I haven’t read this one yet though I have read some Sowell. In general, I find him extremely thoughtful though his writing is a bit dry. I see that Maverick has five stars on Amazon from 570 ratings, so it’s certainly found some fans. I may have to read it, especially because the writing is Jason Riley’s, not Sowell’s.

6 thoughts on “Kendied and Di Angeloed out? John McWhorter recommends some books as palliatives

  1. I just finished reading Theodore Draper’s The Re-Discovery of Black Nationalism (1970). It looks at attempts to meet the race issue in America since the 18th century (they all come down to separation, emigration, or integration). His chapters on Black Power and Black Studies are particularly interesting from the standpoint of everything old is new again.

  2. What’s distressing beyond that is the way college administrators usually react when they discover the hoax: “Well, yes, it was a hoax, but it still underlines a very real problem—so it’s not so bad after all.”

    This seems to me a commonly used tool of the right too, and is just the extremist version of the standard guilt by association/’fling mud and something will stick’ approach. Create enough fake anecdotes and people start treating them as if they are meaningful data. Sure, none of Trump’s 50+ election lawsuits held water, but 50+ lawsuits means some fraud must have occurred!!!!111!!

    I have no suggestions for further reading on the specific intersection of race and wokeism. But I will give a thumbs up for Lukianoff’s earlier book Unlearning Liberty, and provide this tie in: if the woke think that recruiting University administrations as censors in their fight to against racism is a good idea, they’d better think again. The book details how administrations wield censorious power overwhelmingly for their self-interest, not idealistically in service of any good cause.

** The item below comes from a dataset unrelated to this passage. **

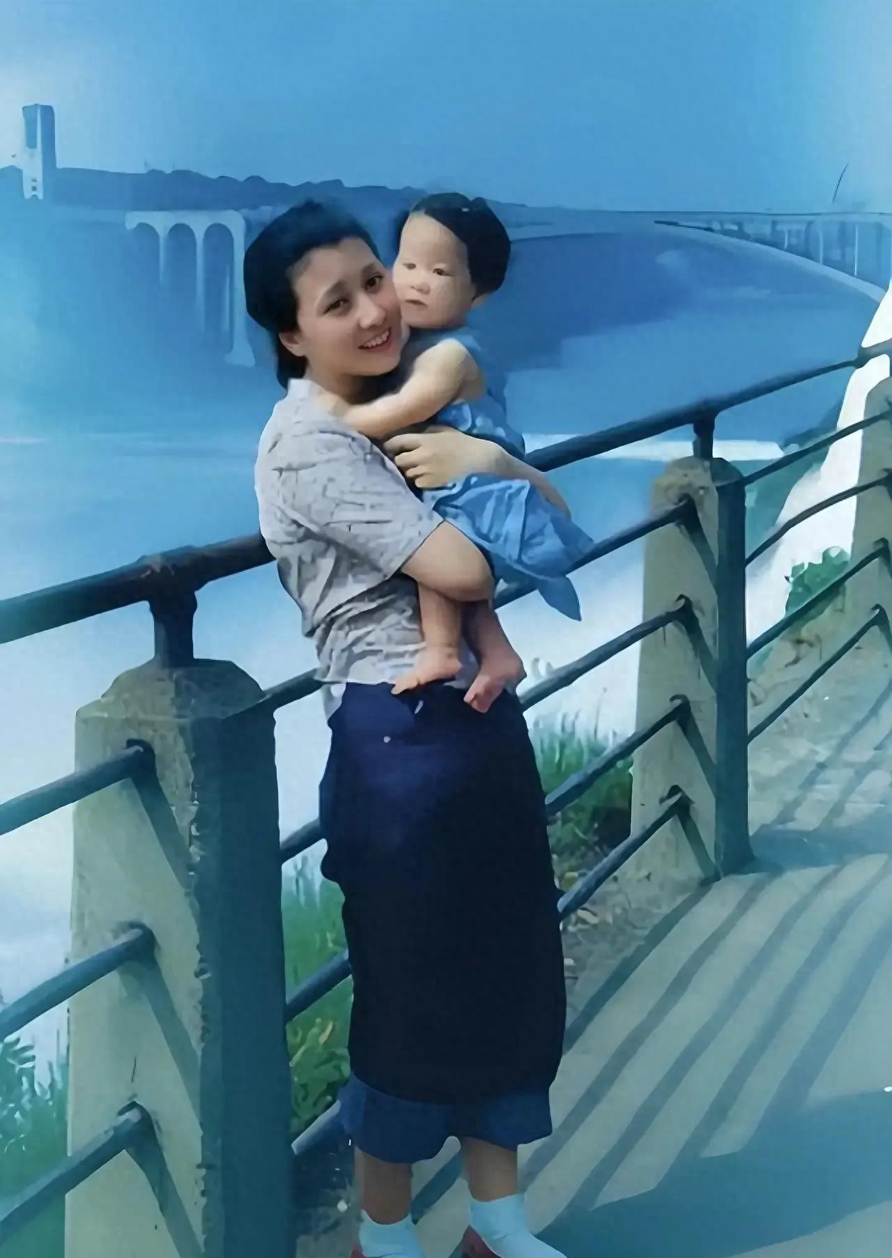 这是1952年,蒋英和女儿钱永真,在尼亚拉加大瀑布前留影

  3. This Touré Reed book looks interesting; here’s a quotation from it in this review:

    Ironically, what liberal policymakers have not done, then, is advocate agendas intended to counter the effects of issues like deindustrialization, the decline of the union movement, public sector retrenchment, and wage stagnation that have characterized the last 40 or more years of American life—all of which have impacted Blacks disproportionately.

    I hope some influential Democrats get clued in. I mean, more influential than Bernie Sanders and Jesse Jackson.

  4. I endorse Lukianoff and Haidt’s book also. While I found a couple of weak arguements that were unsupported by data or references, about 90% of it was well supported and provides the reader with some nice clean thinking. To get a bit of background and context for our history of race relations, i recommend “Until Justice Be Done: America’s First Civil Rights Movement from the Revolution to Reconstruction” by Kate Masur. This book details the politics of that period in slave and free states and territories with a focus on, but not limited to, Virginia, Ohio, New York, Massachusetts, Georgia, New Orleans, and Washington, DC.

  5. Jason Riley, Glenn Loury and John McWhorter had a rousing discussion about Thomas Sowell. It is worth watching if only for Professor Loury’s defense of equations in economic textbooks. McWhorter smiles when Glenn launches this powerful statement about a choice of a word he makes. Another reason is for the sheer joy of a decent, respectful conversation.

    The Glenn Show on Bloggingheads TV was the venue and it is divided into segments so it makes it easier to skip around to intervals that catch your eye and possible interest.